Yes, I still got my full salary. In fact, I got bonuses. This pay check kept my financial bus rolling. My ego hated all the alone time. I felt isolated from the world. But this job supported me as I went through my deepest clearings. It was as if I had a husband to support me while I lost my mind. I felt many times like I had lost my mind.
I wanted to be around people but I didn’t it. In those days, I had a hard time holding my energetic field while around other people. I thought about getting a new job but there was a part of me that didn’t want that either. By 2017, I worked from home 90% of the time. The workload decreased every year. The reality was slowly fading away. Every year I thought it would end. This job lingered on for years.
There were so MANY times where I wanted to get another job. My ego wanted to contribute again and make a difference. But there was a stronger part of me that said stay the course. This job was there for a reason. It allowed me to create my next realities, which would be my soul purposes. I established The Art of Intuition, in March of 2017. I wrote articles and workshops. I did videos. I was writing the next chapter of my life. All I had to do was be on call when my boss needed me. Which might be 5 hours a month and the rest of the time was mine.
Let’s talk about my boss. We might not have started off best buddies. Through the years our relationship had challenges but that was the roles we would play. The more discordant the job became the less and less I had to experience it. On some level, my boss knew that. She would support me over our last few years together. I would look at her through different lenses as time passed. By August of 2019, I would appreciate her for fulfilling her soul contract to me. She was to support me financially during that stage of my process. That was her role. When that stage of my journey was complete, the job would end.
It did end. There was a part of me that was so happy. I was moving on. After a while the job had felt like purgatory. I thought it would never be over. Then it was in a blink of an eye. August 2019, the company eliminated the position and I was free. My team took me to lunch and I hugged my boss. Although this phase of my life took many twists and turns, it ended in its highest place.
Now I mention the part of me that was happy. Did I mention the part of me that was scared? This job had paid 85% of the bills. This job had paid the mortgage. The company I had created was not bringing in any money. After longing to be free, I was scared out of mind. I started scanning websites for jobs.
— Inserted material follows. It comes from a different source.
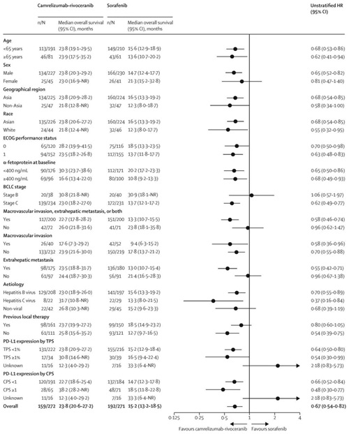 截至2023年6月14日,最终分析结果显示,卡瑞利珠单抗联合阿帕替尼组的中位OS为23.8个月(95% CI:20.6-27.2个月),索拉非尼组为15.2个月(95% CI:13.2-18.5个月);HR=0.64(95% CI:0.52-0.79),P<0.0001。OS曲线图及亚组分析结果详见下图。

I would work through that fear through the next year. Each time the financial situation would get worse, it would bring up another layer of fear. But I would stay the course and not get another finance job. That part of my life was over. I had to accept that.
We never appreciate what we have. That was a lesson I would learn repeatedly. For the four years I had that job, I asked every night for it to end. I pictured myself riding off into the sunset with my business making millions of dollars every year. The fact was I still had so much programming left to clear. I still lived in lack programming. The depths of it I would not even see till a year later. I was still in my own way. Yes, my business would start to get some traction but not enough to pay the bills. I was heading for a complete financial reset.
I would look back at the job and remember it fondly. I sometimes wished I was back there and not having to worry about the mortgage payment. I wished I would have appreciated it more. That is the way of our human. We don’t know what we had till it is gone. I understood why it had to end. I had so many expectations on the next phase of my journey. Another lesson I would learn. The soul doesn’t expect anything, our human does.
The next phase for me was nothing but rough financially. That was my fault. I didn’t want to change my distorted views about money. I had to take the rough road on that one. I had to break completely. That was the path I choose. Sure, I had pasted up multiple opportunities to get my financial life on track over the years. I had wasted more money then I could count. There was no point on dwelling on that now. I had to find my way through my reset. I had to trust that much.
But this was rough. ***** 2026 Annette Here *****As I look back on the end of 2018 and the complete collapse that was about to occur in 2019, part of me is glad I was still so confused about what soul aligned realities would be. My human would not do well with what was about to occur. I said at the start this story could be a horror movie at times, well 2019 was about to kick that off.